** Dataset records **
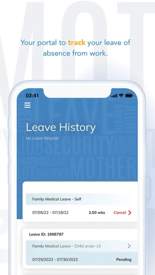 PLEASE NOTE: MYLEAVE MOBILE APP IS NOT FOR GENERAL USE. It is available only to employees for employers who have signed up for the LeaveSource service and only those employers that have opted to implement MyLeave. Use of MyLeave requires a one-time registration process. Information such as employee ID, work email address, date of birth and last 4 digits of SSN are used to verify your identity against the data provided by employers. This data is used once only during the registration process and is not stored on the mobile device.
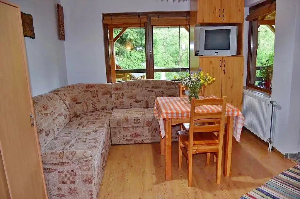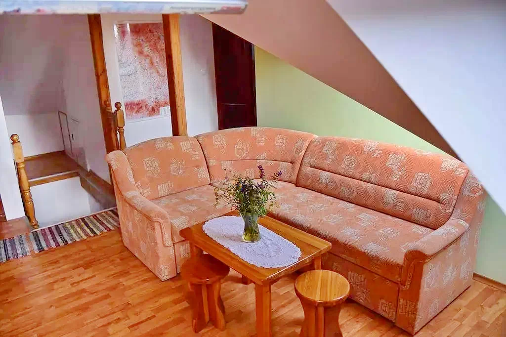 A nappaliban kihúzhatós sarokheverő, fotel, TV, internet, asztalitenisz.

---

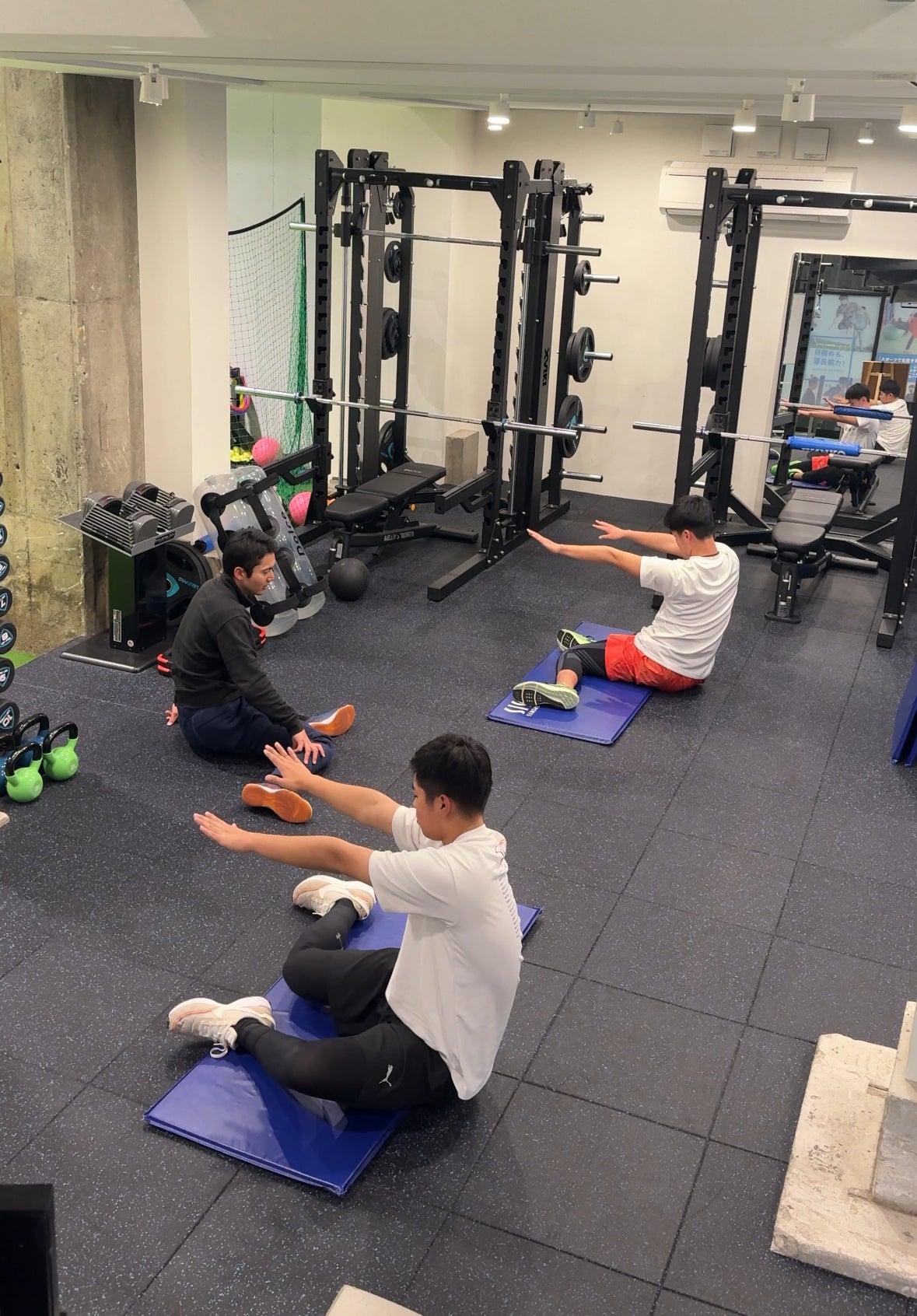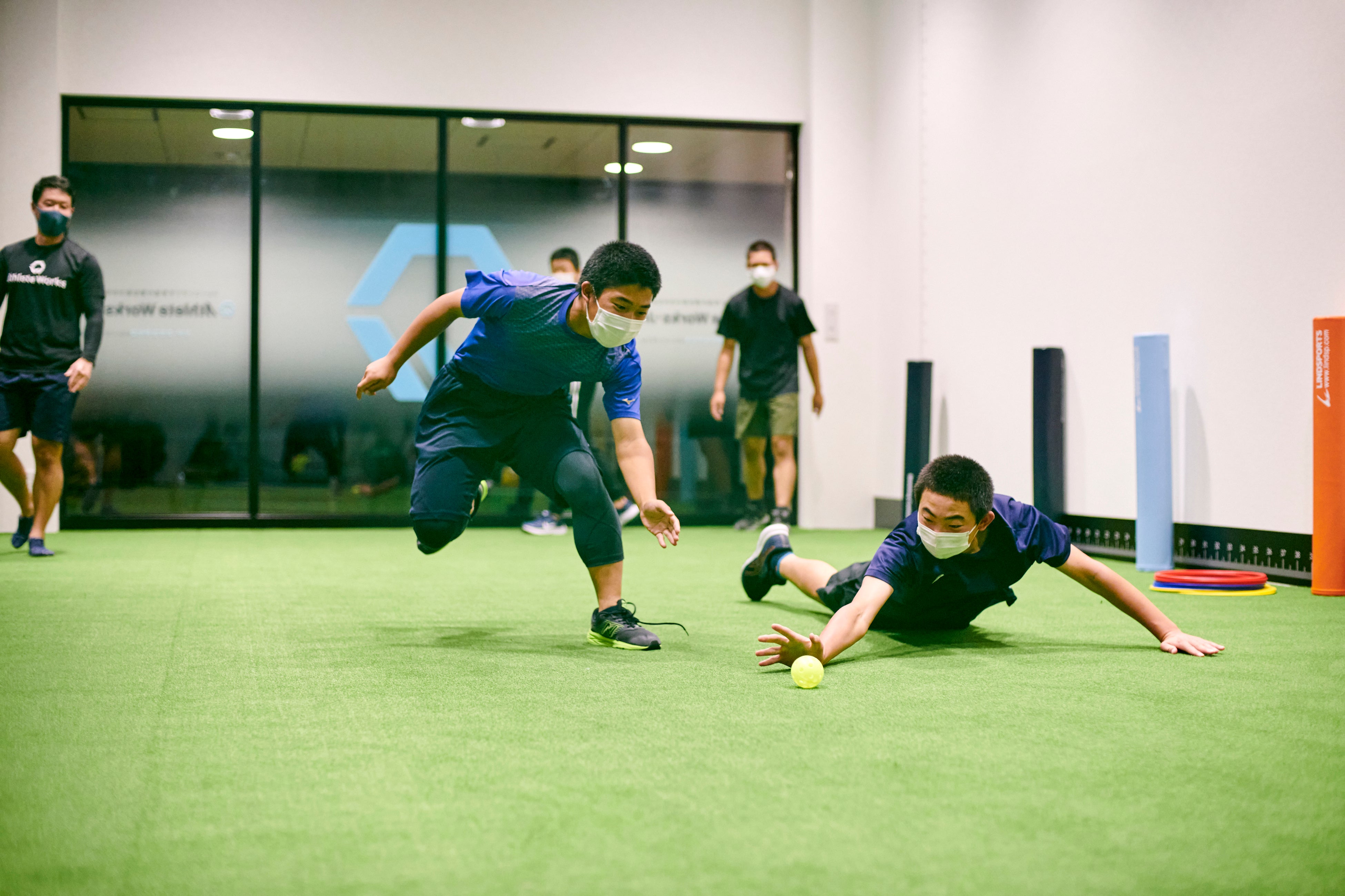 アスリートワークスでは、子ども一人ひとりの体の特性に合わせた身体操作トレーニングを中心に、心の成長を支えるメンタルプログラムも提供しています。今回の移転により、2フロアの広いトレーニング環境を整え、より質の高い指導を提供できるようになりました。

** Required action **
In the data above, the stretch from the line with "PLEASE NOTE: MYLEAVE" through the line with "A nappaliban kihúzhatós" is to be returned exactly, minus any pictures.

** Task output **
 PLEASE NOTE: MYLEAVE MOBILE APP IS NOT FOR GENERAL USE. It is available only to employees for employers who have signed up for the LeaveSource service and only those employers that have opted to implement MyLeave. Use of MyLeave requires a one-time registration process. Information such as employee ID, work email address, date of birth and last 4 digits of SSN are used to verify your identity against the data provided by employers. This data is used once only during the registration process and is not stored on the mobile device.
 A nappaliban kihúzhatós sarokheverő, fotel, TV, internet, asztalitenisz.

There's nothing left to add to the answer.